- Inversiones Peru Pacifico S.A
- Issuing Office:
- Center for Food Safety and Applied Nutrition
| || |
Department of Health and Human Services
|Public Health Service|
Food and Drug Administration
5100 Paint Branch ParkwayCollege Park, MD 20740
JUL 14, 2014
VIA EXPRESS DELIVERY
Pedro J. Inga Usca, Plant Manager
Inversiones Peru Pacifico S.A.
Calle 3 Mz D, lote,1,2,3,6 y 13
Parque, Sullana, Peru
Reference # 432893
Dear Mr. Usca:
The U.S. Food and Drug Administration (FDA) inspected your seafood processing facility Inversiones Peru Pacifico S.A. located Calle 3, Mz D, lote,1,2,3,6 y 13, Parque Sullana, Peru on February 3-4, 2014. During that inspection, we found that you had violations of the seafood Hazard Analysis Critical Control Point (HACCP) regulation, Title 21, Code of Federal Regulations, Part 123 (21 CFR 123). At the conclusion of the inspection, the FDA investigator issued an FDA 483, Inspectional Observations, listing the observations made at your firm.
We acknowledge receipt of your response sent via email on March 3, 2014. Your response included your revised HACCP plan dated February 2, 2014, blank monitoring records and a corrective action plan. However, review of the documentation revealed that the response was not adequate, as further described in this letter.
In accordance with 21 CFR 123.6(g), failure of a processor of fish or fishery products to have and implement a HACCP plan that complies with this section or otherwise operate in accordance with the requirements of Part 123 renders the fish or fishery products adulterated within the meaning of Section 402(a)(4) of the Federal Food, Drug, and Cosmetic Act (the Act), 21 U.S.C. § 342(a)(4).

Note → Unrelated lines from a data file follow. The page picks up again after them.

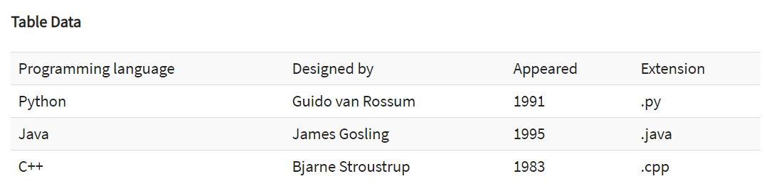 ['Programming language; Designed by; Appeared; Extension']
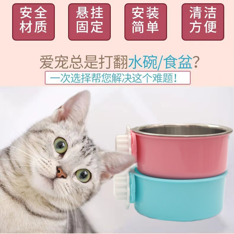 도매 애완 동물 고양이와 개 교수형 그릇 교수형 캔디 컬러 스테인레스 스틸 개 그릇은 애완 동물 교수형 케이지 그릇을 고정 할 수 있습니다
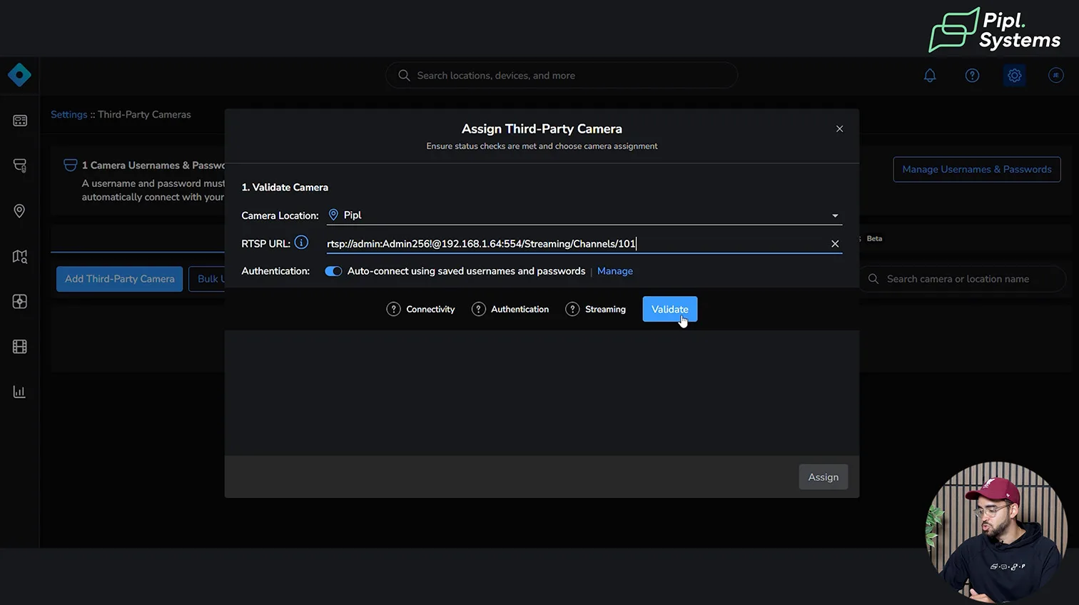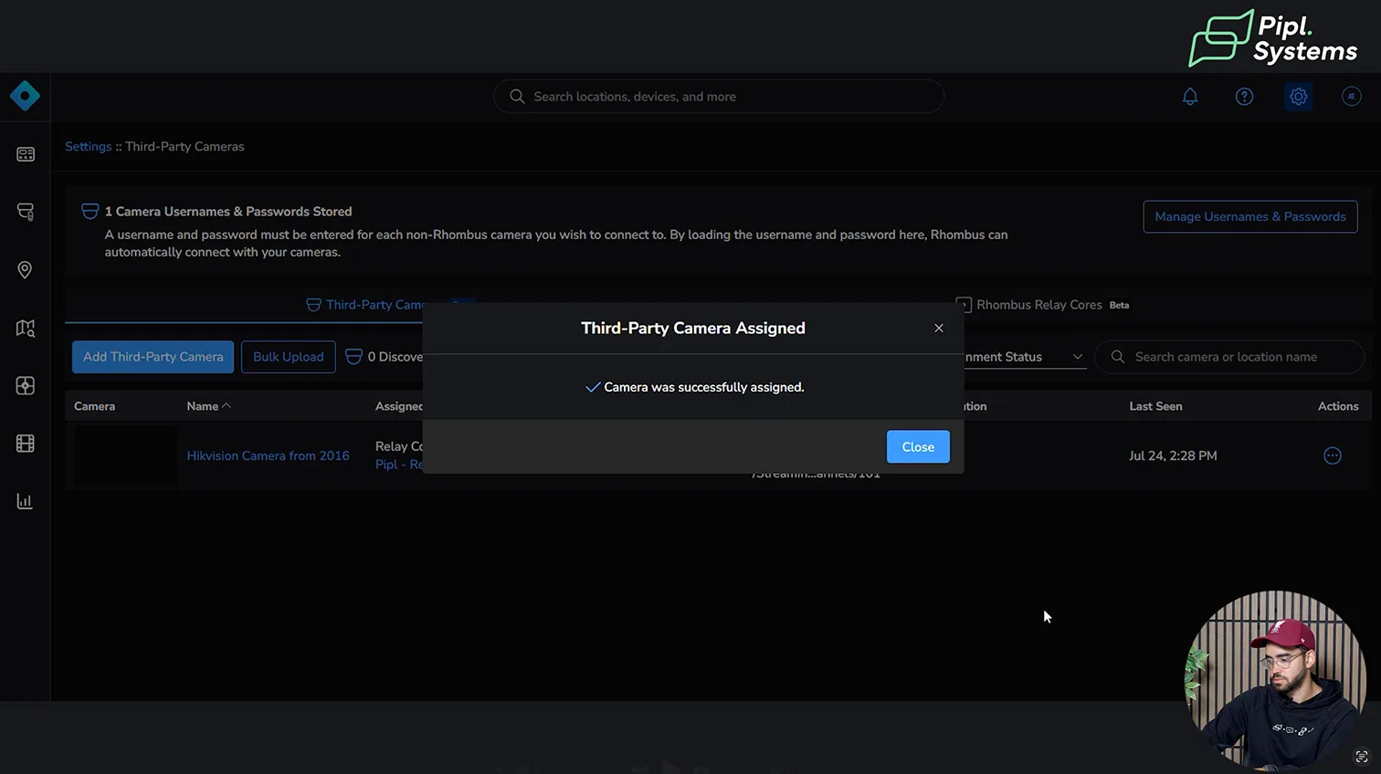 - Assign the camera to the correct Relay Core (e.g., “Pipl – Relay Core 1”),
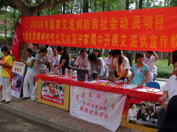 7月24日,南京南京医科大学预防医学专业大学生一行26人来邳州开展艾滋病宣传社会实践活动。这次活动的宣传主题为“撑起一片蓝天,让我们一起高飞”,活动选择在邳州市人流量较大的人民公园进行。在邳州市疾控中心的大专配合和帮助下,活动制作展示展板12块,发送各种宣传单、宣传册、宣传画约5000份。活动中,大学生充分发挥自己的专业特长,利用自己的专业知识和疾控中心专业人员一起给过往群众宣传艾滋病防治知识,现场接受群众咨询221人次。宣传活动取得了良好的效果。
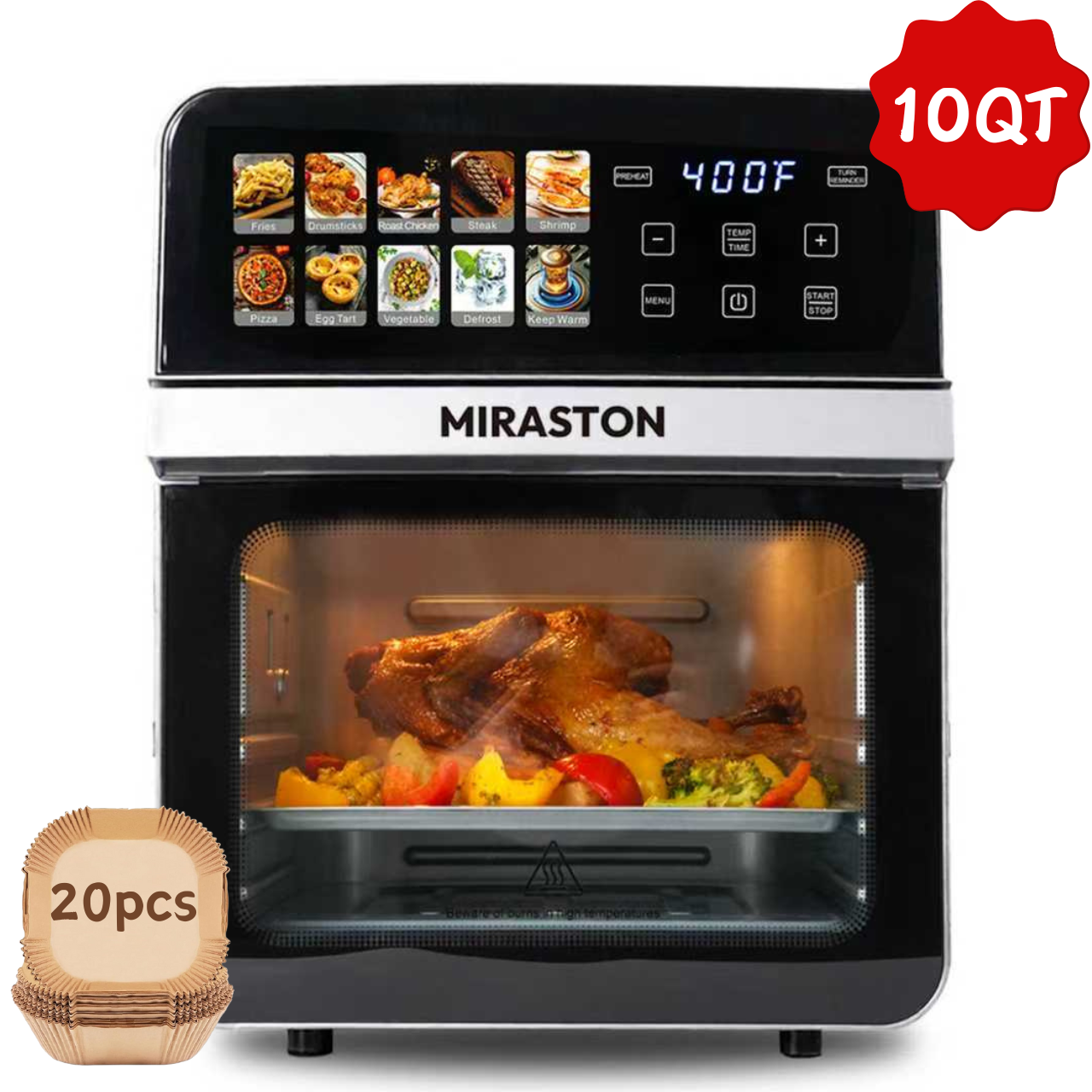 MIRASTON 10QT Air Fryer Toaster Oven Combo with 8 Presets, Visible Window and Touchscreen, Includes 2 Accessories & Recipe
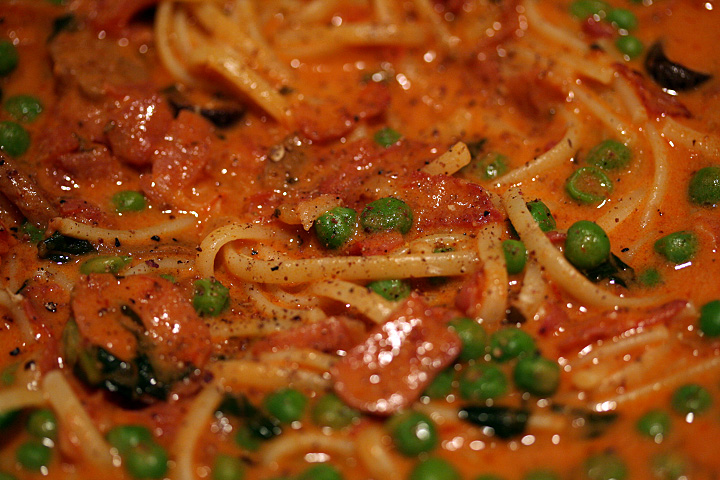 in the evening i made some pasta with the leftover prosciutto i had in the fridge. i think the meat's bad because i had an episode last night after i taste-tested a slice, but i figured if i cooked the hell out of it it'd be safe. i threw in some green peas and made a sauce out of tomato paste, chicken broth, and white wine. it tasted okay but was 3x saltier than what i normally eat. later i had another episode (apparently bad prosciutto is bad even after you cook it, good to know). for dessert i had a mango my grandmother gave me today and some ice cream.
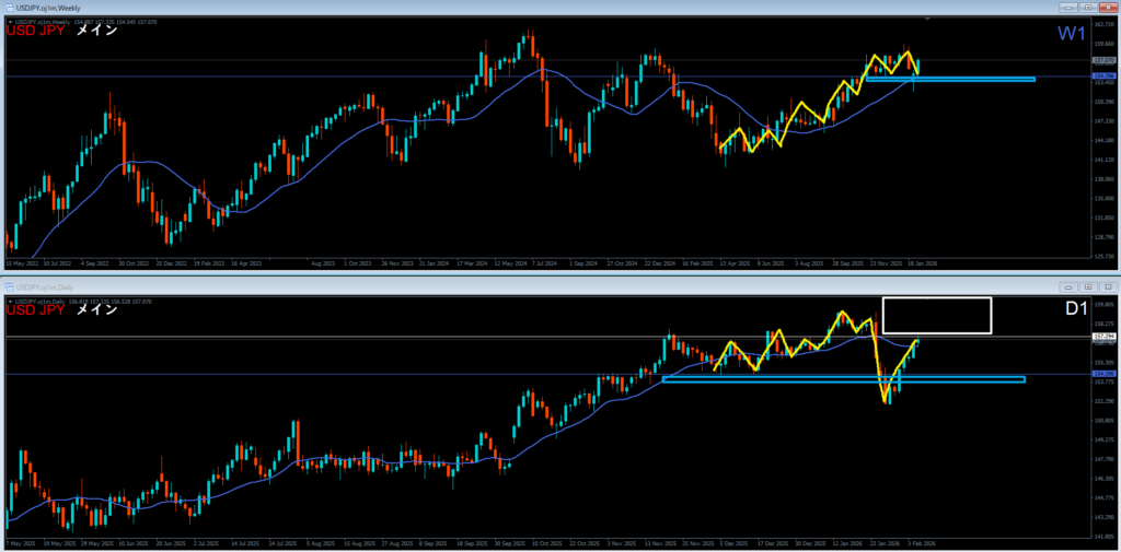 週足は高値を超え上昇。そこから高値を超えず下落買い支え勢力で止められている。先週下に抜けたように感じたが、週末に結局戻してきた。
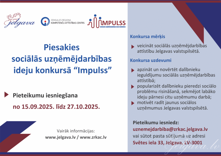 Jau trešo gadu Jelgavas pašvaldība rīko sociālās uzņēmējdarbības ideju konkursu “Impulss”. Sociālās uzņēmējdarbības idejas konkursam var pieteikt no 15. septembra līdz 27. oktobrim. Konkursa mērķis ir motivēt uzņēmējus pievērsties sabiedrībai nozīmīgu sociālo problēmu risināšanai un rosināt uzsākt sociālo uzņēmējdarbību pilsētā.
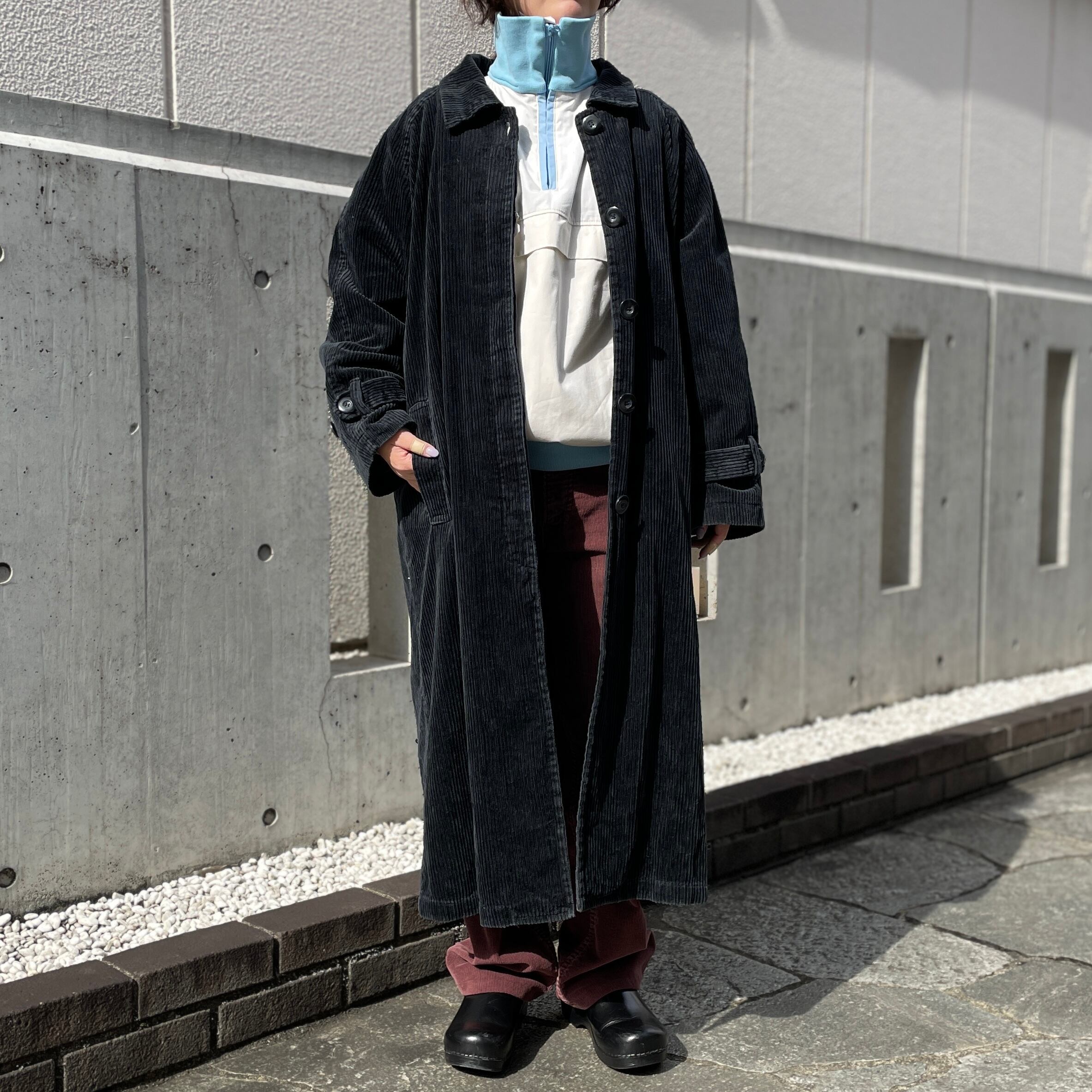 マルーンカラーの646コーデュロイパンツ。

Accordingly, your mahi mahi products are adulterated, in that they have been prepared, packed, or held under conditions whereby they may have been rendered injurious to health.
You may find the Act, the seafood HACCP regulation and the 4th Edition of the Fish and Fishery Products Hazards and Controls Guidance (the Hazards Guide) through links on FDA's home page at www.fda.gov. The Hazards Guide, which provides our recommendations regarding identification and control of food safety hazards reasonably likely to occur for your fish and fishery products, can be found on our web site at: http://www.fda.gov/Food/GuidanceRegulation/GuidanceDocumentsRegulatoryInformation/Seafood/ucm2018426.htm.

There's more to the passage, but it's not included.